Professor Ilyas has published his contributions in leading journals, including ACM Transactions on Database Systems, VLDB Journal, and the Proceedings of the VLDB Endowment, and at top database conferences, including ACM SIGMOD, VLDB, and IEEE International Conference on Data Engineering. He coauthored Data Cleaning, an ACM book published in July 2019 that serves as a reference for researchers and practitioners interested in data quality and data cleaning. He has also coauthored several influential surveys — A survey of top-k query processing techniques in relational database systems, Probabilistic ranking techniques in relational databases: synthesis lectures on data management, and Trends in cleaning relational data: consistency and deduplication.
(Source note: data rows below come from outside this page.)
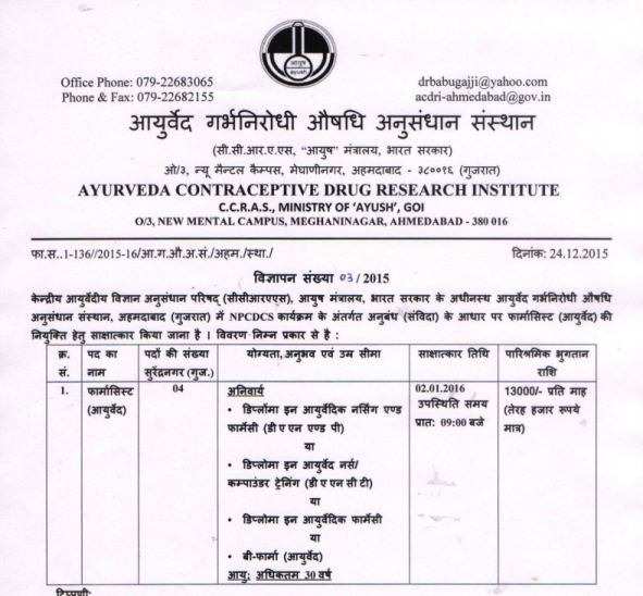 Walk in interview for the post of Pharmist(Ayurveda) at CDRI, Ahmedabad.
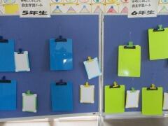 本校は栃木県学力向上プロジェクトの推進校となっています。学力向上アドバイザーからのアドバイスの一つに、「自主学習ノートの公開」があります。3階廊下に、よくまとまっているノートのコピーを紹介するコーナーを作りました。
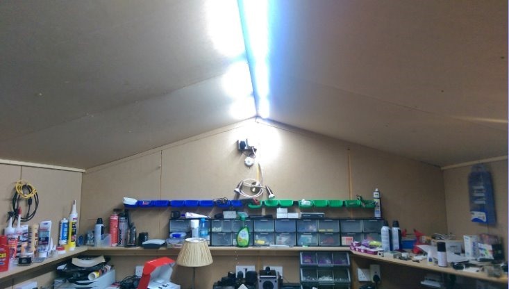 It was not until I turned the unit on complete with LED strips that I realised the point of the high voltage! BOY is that bright – and in the example you see above, only the COLD lights are on as I screwed up somewhere and the WARM lights are not on – I’ll fix that in daylight tomorrow. With both on, you could perform surgery there is so much light. In short – if you need overall lighting for a shed or small office – this absolutely does the job. They have screw holes all along the strip length – but I simply stuck double sided adhesive on the 4 lengths of strip and they’re holding onto the ceiling along with the controller, just fine.
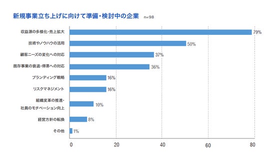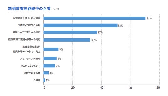 7割以上が「収益源の多様化・売上拡大」を目的として新規事業に挑戦
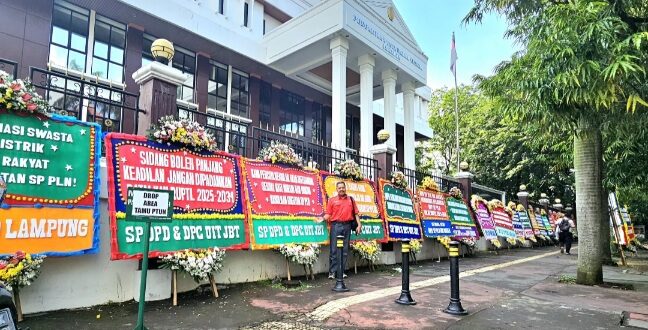 Sejak pagi hari, suasana PTUN Jakarta tampak berbeda. Terpantau sejak pukul 07.00 WIB, puluhan karangan bunga berbaris rapi memenuhi halaman depan PTUN Jakarta, bahkan meluber hingga ke luar area gedung dan sisi jalan. Karangan bunga tersebut merupakan kiriman dari solidaritas SP PLN seluruh Indonesia yang menjadi simbol dukungan moral terhadap gugatan yang diajukan Serikat Pekerja PT PLN (Persero) terkait kebijakan RUPTL 2025–2034.
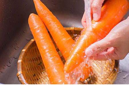 步骤3:将苹果洗干净,去皮,取1/4的分量,切成苹果小丁。
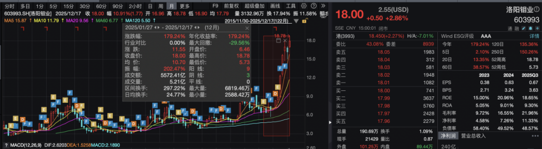此消息一出,资本市场立刻给予热烈反响。12月15日,洛阳钼业开盘强势拉升,一度涨超4%;最终收盘报17.93元/股,上涨1.99%。
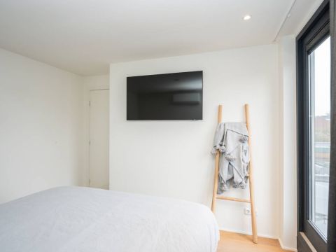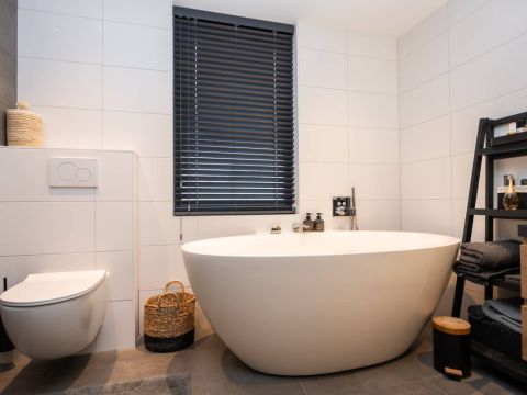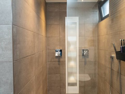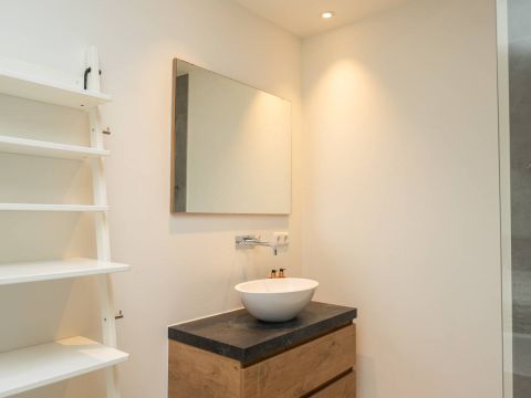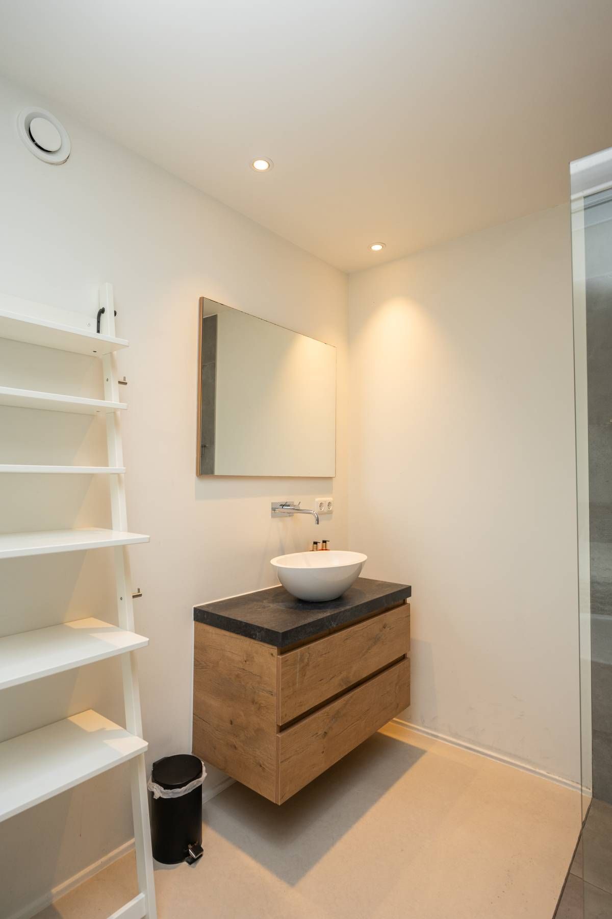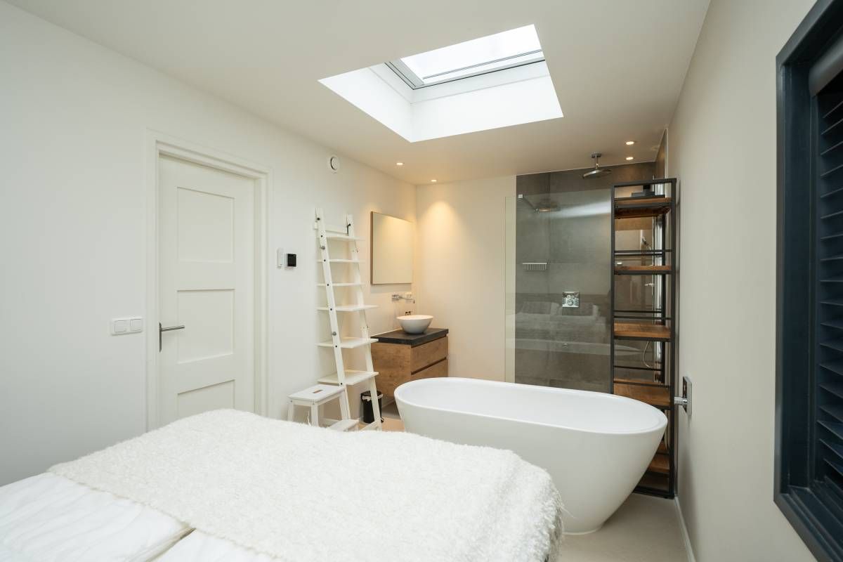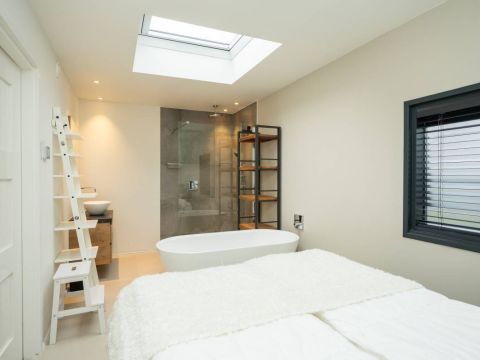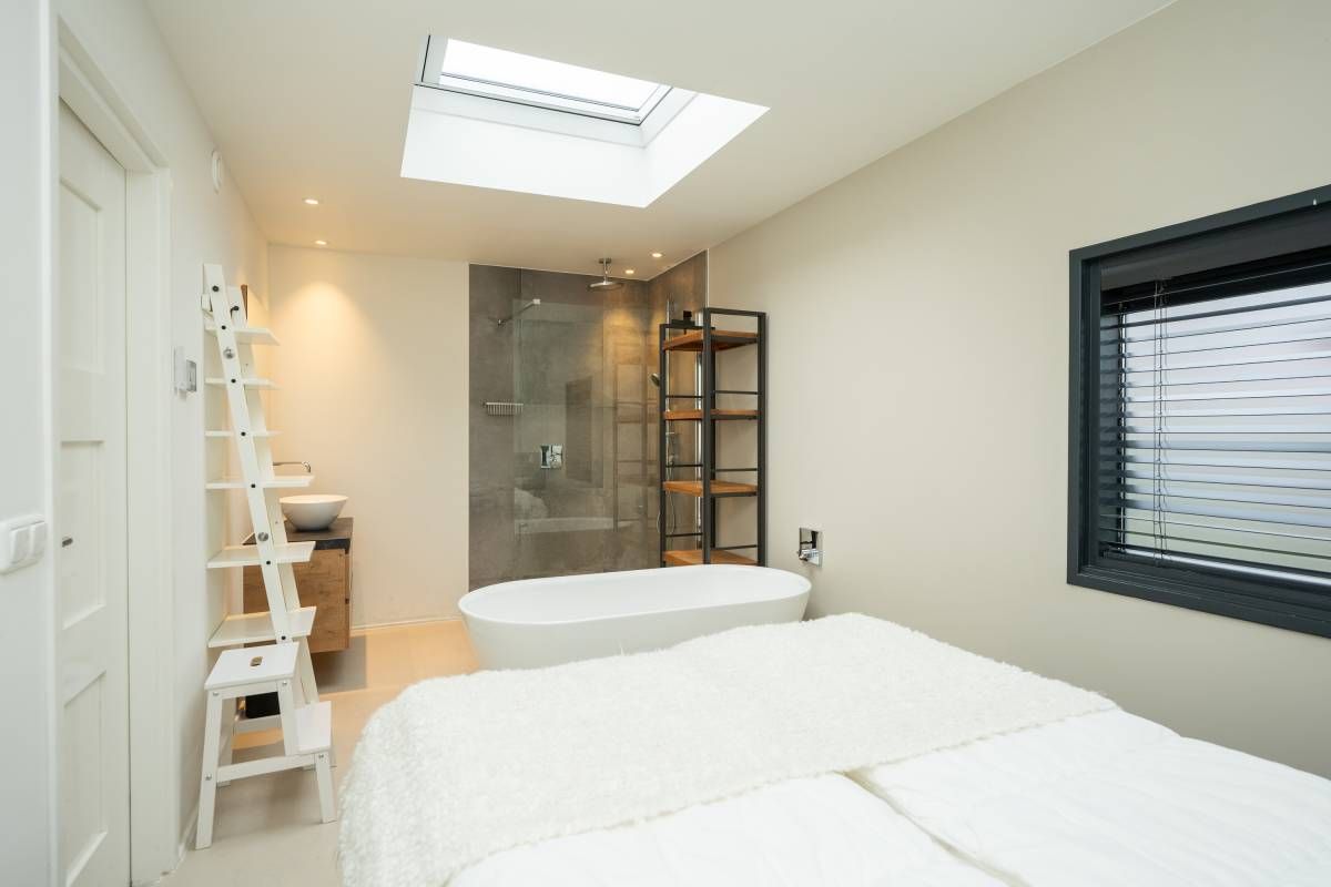 De slaapkamer is ruim en voorzien van een open badkamer. Een echte eyecatcher! De kamer is voorzien van een wastafelmeubel, een inloopdouche met extra stortdouche, heerlijk ligbad en een lichtkoepel die zorgt voor een prachtige natuurlijke lichtinval.

Professor Ilyas is an elected member of the VLDB Endowment Board of Trustees and an elected SIGMOD Vice Chair.

Professor Ilyas co-founded two companies based on his research — Inductiv, a Waterloo-based start-up, now part of Apple, that uses AI for structured data cleaning, and Tamr, a start-up focusing on large-scale data integration and cleaning.

Over his career, Professor Ilyas has been recognized with multiple awards. He won a Government of Ontario Early Researcher Award in 2008, was named an IBM CAS Fellow from 2006–10, held a Cheriton Faculty Fellowship at the University of Waterloo from 2013–16, received the Google Faculty Award in 2014, and was named an ACM Distinguished Scientist in 2014. Since 2018, he has held the Thomson Reuters-NSERC Industrial Research Chair in Data Cleaning. In 2020, he was named a Faculty Affiliate at the Vector Institute.